Gli abbaglianti accendono di vampate elettriche la pelle scura delle sue gambe nude in
minishort. Sta pregando. “Brutto stronzo, è colpa sua! Un cliente si è comportato male
con lei - dice la sua amica - Fra un po’ le passerà!”. Non c’è tempo per commuoversi.
Andiamo avanti, la notte è lunga.

Ecco le rumene. Sono giovanissime, ma sembrano donne consumate. Bianche su tutto il


corpo di latte, telefonino e i-pod su una mano, borsetta nell’altra. Uguali alle teen-ager
pronte per andare in discoteca. Del resto è questo che sarebbero in una vita normale. E’
questo che anche adesso devono sembrare.

“Non c’ è lavoro, queste zingare stanno rovinando tutta la piazza!”Si lamenta Maria, circa
quarant’ anni, marito italiano. Viene dalla Jugoslavia e per arrotondare il suo stipendio di
prostituta sfrutta a sua volta altre ragazze.

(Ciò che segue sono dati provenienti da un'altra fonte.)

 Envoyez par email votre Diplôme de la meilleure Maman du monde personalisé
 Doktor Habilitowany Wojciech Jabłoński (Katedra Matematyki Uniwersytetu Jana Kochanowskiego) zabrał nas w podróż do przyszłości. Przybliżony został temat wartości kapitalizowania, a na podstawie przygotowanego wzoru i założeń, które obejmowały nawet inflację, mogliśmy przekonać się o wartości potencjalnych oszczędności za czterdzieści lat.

Fiori di strada ne ha salvato da poco una, ma Maria non può saperlo. In questo mestiere,
spesso, è necessario avere una doppia faccia . “Per 20 euro vanno senza preservativo. Si
mettono sempre in gruppo e sono tutte sorridenti per piacere ai clienti. Io sto qui e per
lavorare devo ridere da sola”.

Devi ridere. Se sei triste non vai bene. Quello che conta non è aprire le gambe, devi anche
essere brava per far sentire a suo agio il cliente. Lui non vuole essere in imbarazzo. Venti,
trenta minuti di piacere. Venti, trenta euro.

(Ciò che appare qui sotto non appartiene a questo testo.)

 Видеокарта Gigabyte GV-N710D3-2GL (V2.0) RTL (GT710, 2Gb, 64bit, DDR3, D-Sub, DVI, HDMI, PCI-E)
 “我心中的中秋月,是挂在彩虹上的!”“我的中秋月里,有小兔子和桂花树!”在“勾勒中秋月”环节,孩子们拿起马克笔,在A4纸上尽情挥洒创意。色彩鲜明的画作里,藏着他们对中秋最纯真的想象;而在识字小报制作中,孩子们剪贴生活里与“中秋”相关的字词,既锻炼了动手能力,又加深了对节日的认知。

Facce di ragazzi giovani ancora con la tuta da lavoro si affacciano dai finestrini e fanno
cenno di avvicinarsi alla loro macchina. Punto, Lancia-y, ma anche camion con rimorchio
e Bmw X5. Nidi d’amore sull’asfalto della periferia.

Un gruppo di operai scherza con alcune rumene allungando le mani sotto la gonna. Fra di
loro c’è anche una minorenne, ma non si direbbe. Un vecchio ne carica tre
all’autostazione. Una ragazza ha voglia di parlare. Sembra sola, cerca compagnia.
“Stasera c’è poco lavoro, non si guadagna molto. Ti piace la musica rumena?” Passano
pochi minuti e arriva un’auto con musica dell’Est a tutto volume, per far capire che è
straniero.

Un uomo scende lentamente e ci guarda storto mentre finge di mettere benzina.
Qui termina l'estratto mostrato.